Top 3 myths you have always believed it’s a granted fact

Top 3 myths

Throughout the world of working out, you tend to pass along the exercise tips that you’ve learned to the people you know, whether you’ve heard it from someone at the gym whom you think is your role model or from some website on the internet that gets your hopes higher than the sky that you could get rid of your belly fat in a week, but the truth is half of the things you know might turn out to be a myth, a common myth that has been passed along over and over until it became a false fact. Some myths can be harmless but when it comes to your health and your body you should just pay a lot more attention.

Fitness myth number 1:

 Overtraining

It’s not about the number of sets or the number of hours you stay at the gym, your muscles won’t get bigger overnight. Muscles don’t get bigger from the number of workouts; they get bigger with following a good nutrition plan and when you leave sometime for it to recover.

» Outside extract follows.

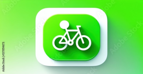 Glossy green and white bicycle navigation app with smart route planner and elevation tracking flat d glossy style round square shape modern app icon featuring clean minimalist
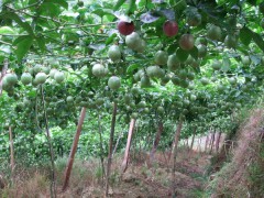 百香果是一種熱帶藤本常綠果樹,壽命長達8—10年。果皮厚而堅硬,可作飼料和提取果膠,果實球形或長圓球形,內有黃色果汁和黑色種子。

For example, in your normal day you sleep for 8 straight hours, you remain up for 16 hours; during these 16 hours you should work out for only 1 or 1, 1/2 hour and the rest of the day you should be concentrating on eating the sufficient proteins and carbs intake for your body to gain muscles and following your nutrition plan.

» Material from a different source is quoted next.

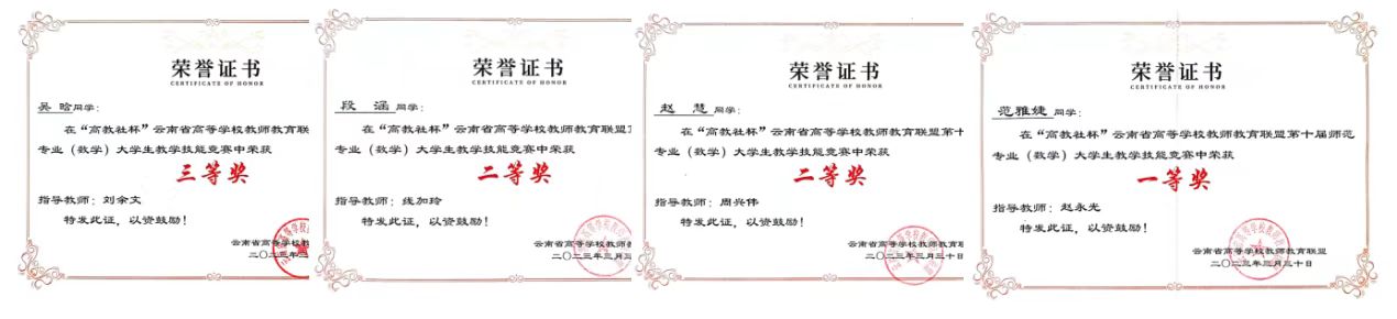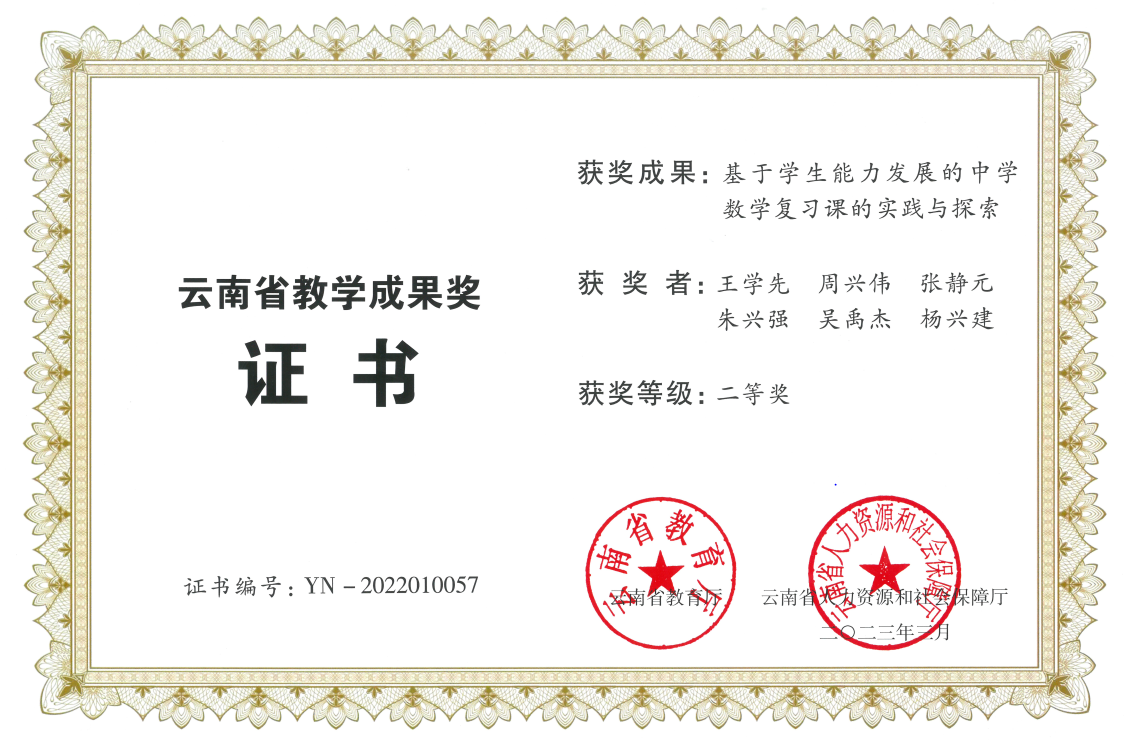 2022年,开展校校合作,与云南省教学名师王学先名师工作室开展合作,对中学数学教学及团队培养开展研究。2023年3月获云南省基础公司产品成果奖1项。

Now let’s build the pyramid of how to gain more muscle mass

  • Nutrition gets the biggest share
  • Recovery comes second
  • Working out comes last

Therefore don’t waste your time at the gym if you are not following a good nutrition plan.

Fitness myth number 2:

The macronutrients approach gets you bigger in no time

For building muscle mass some people use the idea of macronutrients which is eating large intake of fast food, fried chicken, pizza, and French fries without paying attention to the good nutrients thinking that the body will take its necessary carbs and proteins from it and will do all the filtration for what’s unnecessary on its own as long as they are working out. In fact when you follow a good nutrition plan consisting of both micronutrients that includes vitamins, minerals and macronutrients at which you plan your nutrition in a way that balances the supply of your muscles with the needed amounts of proteins, carbohydrates and fats along with working out will help you gain more muscle mass than supplying your body with a large amount of macronutrients only.

Fitness myth number 3:

Training your abs will burn belly fat:

Some people think that training your abs will burn belly fat, when in fact it will only help gaining more muscles that will push the belly outwards.

In order to burn belly fat you have to plan a good training routine including cardio training at least once a week for more than 45 minutes and include pure clean protein for nutrition, lower your carb intake, stop drinking much alcohol as alcoholic drinks contain a lot of calories and finally increase the unsaturated fats intake.